The native Plex app does have some issues on the Stream 4K. Because of that I used the Plex app inside Kodi when I was playing test files. Many Files that would not play in the Native Plex app played fine with the Plex app in Kodi. And it had no issues with DTS either. But I was also going to a receiver before the TV. I was not testing the Stream 4K connected directly to the TV and using the ARC.


----------



## fattymcbuckles

My flicker is very random,even after doing some of the recommendations in this thread.One thing I have noticed is that if I leave the box on or in sleep mode,I’ll get a random flicker once in while.If I completely power down/ unplug and restart,no flicker at all after doing this.


----------



## Rickjb

This may or may not be related: I get the flickering in the google "Live Channels" app. The app captures my network tuner (Hdhomerun) and other live streaming apps, like Puto, that you select and places them into a guide. Within the Live Channels app there is a beta app that accomplishes setting up the guide based on your OTA or cable provider. It also accommodates DVR but with the flickering, I cant look at it


----------



## Alex_7

Try changing the HDR setting priority to HDR10 instead of Dolby and change the resolution refresh rate.


----------



## BillyClyde

Rickjb said:


> This may or may not be related: I get the flickering in the google "Live Channels" app. The app captures my network tuner (Hdhomerun) and other live streaming apps, like Puto, that you select and places them into a guide. Within the Live Channels app there is a beta app that accomplishes setting up the guide based on your OTA or cable provider. It also accommodates DVR but with the flickering, I cant look at it


I have the same flickering when using the Channels DVR app. Quite annoying.

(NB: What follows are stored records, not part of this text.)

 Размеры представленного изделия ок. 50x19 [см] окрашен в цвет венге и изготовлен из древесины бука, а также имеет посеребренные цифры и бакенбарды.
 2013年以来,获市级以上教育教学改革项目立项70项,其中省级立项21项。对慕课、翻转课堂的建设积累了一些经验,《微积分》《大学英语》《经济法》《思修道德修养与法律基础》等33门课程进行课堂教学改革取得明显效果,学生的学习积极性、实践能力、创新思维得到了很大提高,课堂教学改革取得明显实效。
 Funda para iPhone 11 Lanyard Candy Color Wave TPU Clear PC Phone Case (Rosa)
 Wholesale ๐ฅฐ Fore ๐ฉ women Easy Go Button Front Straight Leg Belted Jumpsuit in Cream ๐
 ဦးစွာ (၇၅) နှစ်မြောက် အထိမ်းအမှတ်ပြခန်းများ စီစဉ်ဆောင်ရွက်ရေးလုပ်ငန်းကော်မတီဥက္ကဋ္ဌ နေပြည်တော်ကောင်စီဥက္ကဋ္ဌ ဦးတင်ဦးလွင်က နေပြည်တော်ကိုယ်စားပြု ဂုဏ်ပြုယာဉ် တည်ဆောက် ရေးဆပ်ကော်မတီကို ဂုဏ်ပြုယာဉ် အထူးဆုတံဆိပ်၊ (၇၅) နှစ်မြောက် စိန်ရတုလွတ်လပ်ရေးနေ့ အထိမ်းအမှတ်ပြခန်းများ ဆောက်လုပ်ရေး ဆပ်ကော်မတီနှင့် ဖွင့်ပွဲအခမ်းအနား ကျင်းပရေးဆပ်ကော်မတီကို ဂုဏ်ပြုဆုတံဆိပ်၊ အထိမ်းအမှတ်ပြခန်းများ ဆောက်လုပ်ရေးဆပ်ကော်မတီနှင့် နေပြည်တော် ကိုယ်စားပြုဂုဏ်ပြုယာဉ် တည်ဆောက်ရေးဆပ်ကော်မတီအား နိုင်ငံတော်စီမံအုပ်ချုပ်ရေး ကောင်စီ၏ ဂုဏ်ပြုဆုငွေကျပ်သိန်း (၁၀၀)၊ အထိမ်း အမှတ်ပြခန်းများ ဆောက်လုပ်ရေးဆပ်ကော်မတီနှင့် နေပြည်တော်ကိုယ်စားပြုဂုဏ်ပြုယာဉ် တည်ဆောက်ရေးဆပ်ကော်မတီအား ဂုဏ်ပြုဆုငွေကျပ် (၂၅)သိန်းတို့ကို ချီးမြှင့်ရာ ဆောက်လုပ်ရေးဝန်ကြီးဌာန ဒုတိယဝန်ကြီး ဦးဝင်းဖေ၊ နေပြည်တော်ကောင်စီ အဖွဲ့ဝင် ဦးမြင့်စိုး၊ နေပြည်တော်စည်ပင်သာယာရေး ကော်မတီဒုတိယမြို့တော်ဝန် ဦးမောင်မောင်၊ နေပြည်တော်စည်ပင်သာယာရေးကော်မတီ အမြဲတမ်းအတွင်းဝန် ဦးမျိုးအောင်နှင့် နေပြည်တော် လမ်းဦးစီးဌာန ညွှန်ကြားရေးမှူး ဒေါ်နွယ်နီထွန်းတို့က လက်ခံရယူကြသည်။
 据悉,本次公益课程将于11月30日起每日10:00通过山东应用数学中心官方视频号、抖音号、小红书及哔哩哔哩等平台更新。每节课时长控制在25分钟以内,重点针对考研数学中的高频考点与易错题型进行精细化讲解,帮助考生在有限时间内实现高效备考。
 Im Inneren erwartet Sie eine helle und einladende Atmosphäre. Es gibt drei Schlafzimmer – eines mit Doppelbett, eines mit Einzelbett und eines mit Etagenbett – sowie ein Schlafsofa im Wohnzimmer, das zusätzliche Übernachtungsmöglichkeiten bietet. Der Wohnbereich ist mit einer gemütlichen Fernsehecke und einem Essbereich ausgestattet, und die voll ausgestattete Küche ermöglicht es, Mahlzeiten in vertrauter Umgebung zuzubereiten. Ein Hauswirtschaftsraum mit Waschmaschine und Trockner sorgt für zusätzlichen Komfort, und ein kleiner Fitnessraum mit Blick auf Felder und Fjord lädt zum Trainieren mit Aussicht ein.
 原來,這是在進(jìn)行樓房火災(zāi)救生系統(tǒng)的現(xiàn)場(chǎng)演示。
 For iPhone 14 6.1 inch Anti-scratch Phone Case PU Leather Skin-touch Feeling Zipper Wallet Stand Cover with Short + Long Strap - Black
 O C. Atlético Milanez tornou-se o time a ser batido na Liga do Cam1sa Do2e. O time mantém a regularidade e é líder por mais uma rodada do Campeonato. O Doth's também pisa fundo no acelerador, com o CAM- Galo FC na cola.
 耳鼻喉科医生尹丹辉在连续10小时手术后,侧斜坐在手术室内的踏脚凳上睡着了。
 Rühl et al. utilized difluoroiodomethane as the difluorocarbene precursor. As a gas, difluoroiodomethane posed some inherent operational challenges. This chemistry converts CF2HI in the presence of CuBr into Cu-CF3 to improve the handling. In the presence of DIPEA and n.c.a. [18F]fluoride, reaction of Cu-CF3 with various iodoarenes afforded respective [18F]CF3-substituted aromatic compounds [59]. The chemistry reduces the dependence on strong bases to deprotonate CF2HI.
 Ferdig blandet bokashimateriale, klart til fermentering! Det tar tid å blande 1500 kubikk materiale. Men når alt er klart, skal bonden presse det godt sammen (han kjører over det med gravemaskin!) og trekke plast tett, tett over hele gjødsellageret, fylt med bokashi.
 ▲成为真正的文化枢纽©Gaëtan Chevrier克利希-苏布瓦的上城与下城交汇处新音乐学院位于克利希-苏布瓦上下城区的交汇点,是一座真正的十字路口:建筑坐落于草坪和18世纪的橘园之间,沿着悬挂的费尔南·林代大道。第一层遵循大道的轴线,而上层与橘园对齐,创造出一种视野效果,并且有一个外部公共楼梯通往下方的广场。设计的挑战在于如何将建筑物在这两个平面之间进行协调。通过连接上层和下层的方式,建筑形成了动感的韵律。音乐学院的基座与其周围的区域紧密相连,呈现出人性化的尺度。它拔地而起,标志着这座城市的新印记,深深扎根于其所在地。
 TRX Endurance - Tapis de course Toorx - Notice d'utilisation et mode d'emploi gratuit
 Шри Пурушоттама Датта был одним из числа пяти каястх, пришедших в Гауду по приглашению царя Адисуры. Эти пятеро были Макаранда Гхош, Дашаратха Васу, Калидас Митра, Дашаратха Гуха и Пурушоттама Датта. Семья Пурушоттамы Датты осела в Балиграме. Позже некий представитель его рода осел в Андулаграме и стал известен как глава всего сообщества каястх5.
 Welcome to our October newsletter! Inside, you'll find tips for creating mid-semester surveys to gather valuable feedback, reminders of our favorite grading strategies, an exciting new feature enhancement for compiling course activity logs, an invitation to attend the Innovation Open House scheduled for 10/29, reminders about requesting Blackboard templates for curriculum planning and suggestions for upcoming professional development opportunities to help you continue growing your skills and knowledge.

I also get skipping ahead while playing. I have to stop the playback and start it again. It's almost as if the buffer gets too full and starts dumping content. After I stop and restart it plays the skipped portion just fine, so it isn't the video file itself.


----------



## XRaiderV17

I too am seeing this...I reboot the device and it cooperates, but the minute I turn off my tv, I'll end up rebooting the TS4K as it'll flicker non stop otherwise.


----------